Throughout the implementation of the Jellyfish project we leaned towards optimizing latency or throughput for those parts where Jellyfish was clearly changing the data access model. Some of those optimizations include:
- Decode requested cell: When the user requests a cell, a whole batch is fetched at once. We decode the JSON part of the requested cell only, in order to avoid decoding for the other 99 cells.
- Delete metadata only: When deleting cells in place (due to TTL and the like), we only remove the entry of the cell from the batch index, so the user is not able to access it. The actual removal of the cell is done by a background job, which carries a read-modify-write operation to update the batch cell. We store information from the deleted cell in a journal table for the background job to consume. This way we prevent running this expensive operation in the foreground so that the online read/write path is not affected and the user-perceived latency is reduced.
- Collate updates by batch: When updating cells in place, a batch cell can be touched a few times. With read-modify-write, updates can be both resource- and time-consuming. By grouping updates per batch, we were able to reduce total update time for a job by 4x.

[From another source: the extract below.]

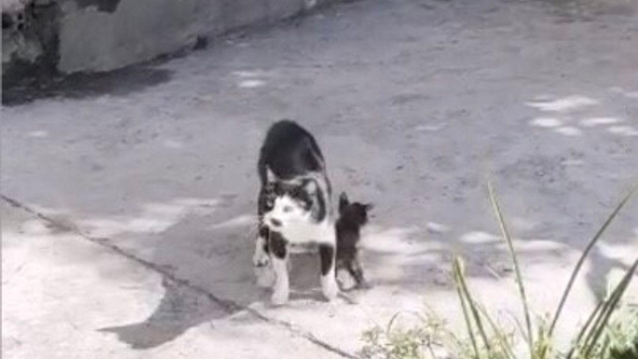Anne kedinin yavrusuna kavuştuğu anlar duygusal görüntülere sahne olurken, mahalle sakinleri itfaiye ekiplerine duyarlılıklarından dolayı teşekkür etti.
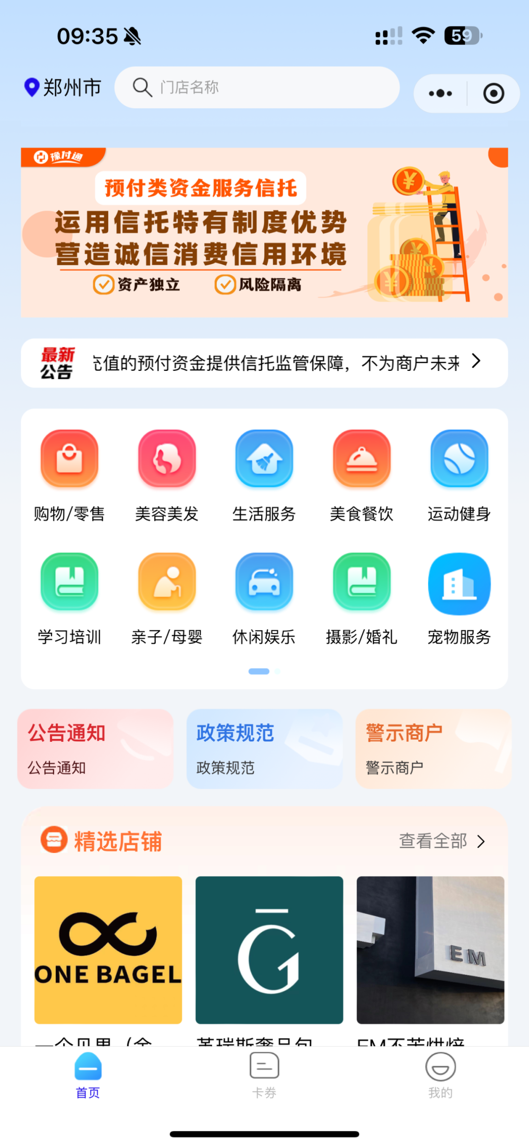 “豫付通”是中原信托开发的预付类资金监管小程序,集各场景下预付类资金充值消费、卡券管理等功能于一体,而且受到信托独有的隔离机制保护,旨在协助政府保护消费者预付资金安全、树立商户诚信经营形象,促进预付消费市场发展。

Once Jellyfish was fully rolled out and confirmed to meet our requirements, we were ready to reap the benefits. To this end, we started deleting data from the old backend in a phased way. The figure below shows the actual footprint decreasing over a period of a few days when deletion was taking place. Jellyfish realized an actual reduction of 33% of storage space in this specific case.

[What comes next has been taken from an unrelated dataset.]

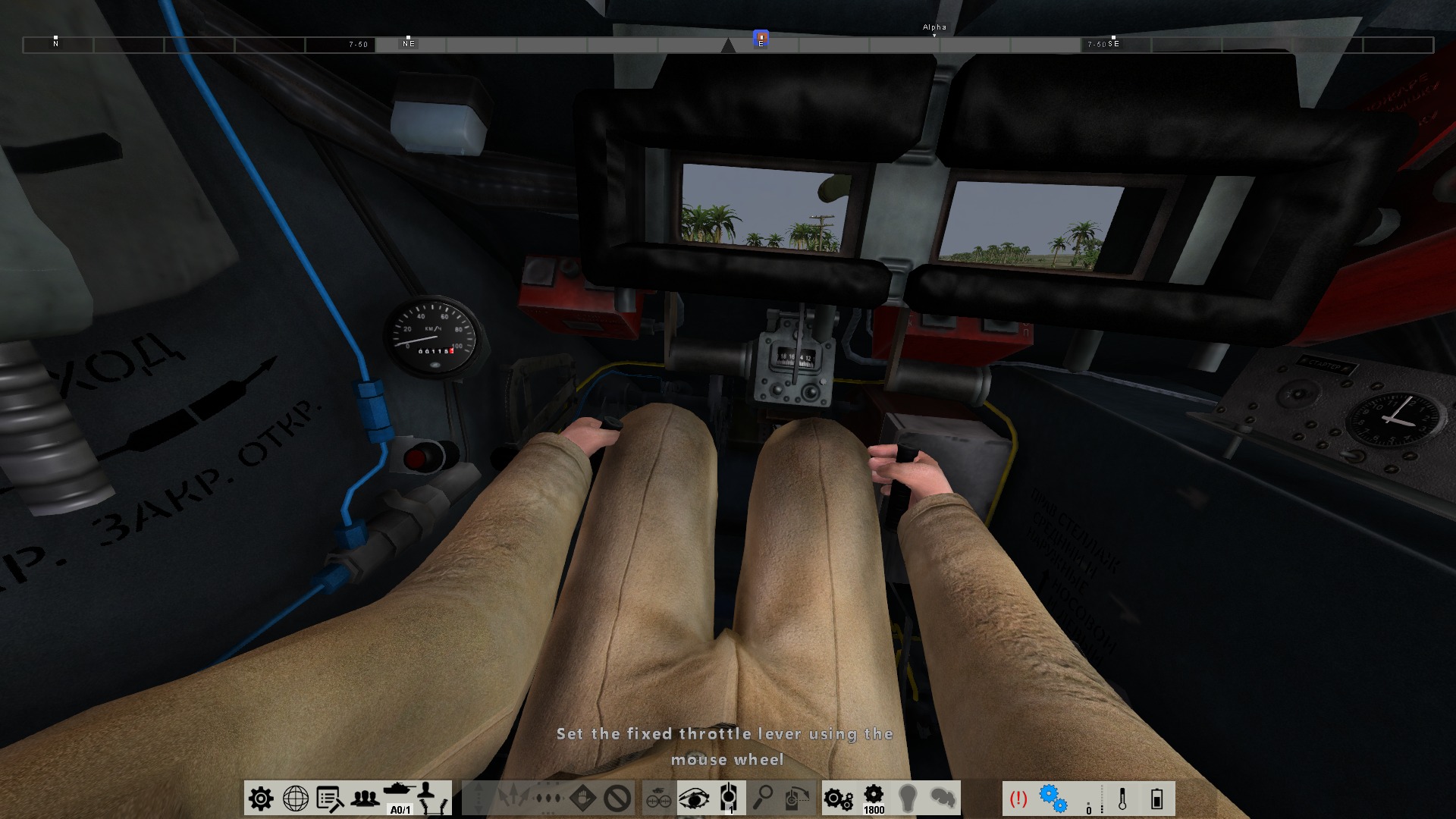 进来后我们作为驾驶员出现在驾驶室里,训练提示“按下W键松开刹车”,我们可以看到底下那排按钮右边有个很大的红色惊叹号,这表示刹车处于激活状态。

The Jellyfish project has been successful in reducing the operating expenses for Uber and unlocking more savings in the future. The tiering concept presented here can be extended in several ways to attain more efficiency and reduce cost further. Some directions that we are thinking of taking Jellyfish into are applying it to Docstore, explicit tiering, and using physically distinct tiers. Part of achieving this is exposing a new set of APIs to the user to access old data, and optimizing both the software and hardware stacks for distinct tiers. Uber is looking for talented engineers to join such efforts.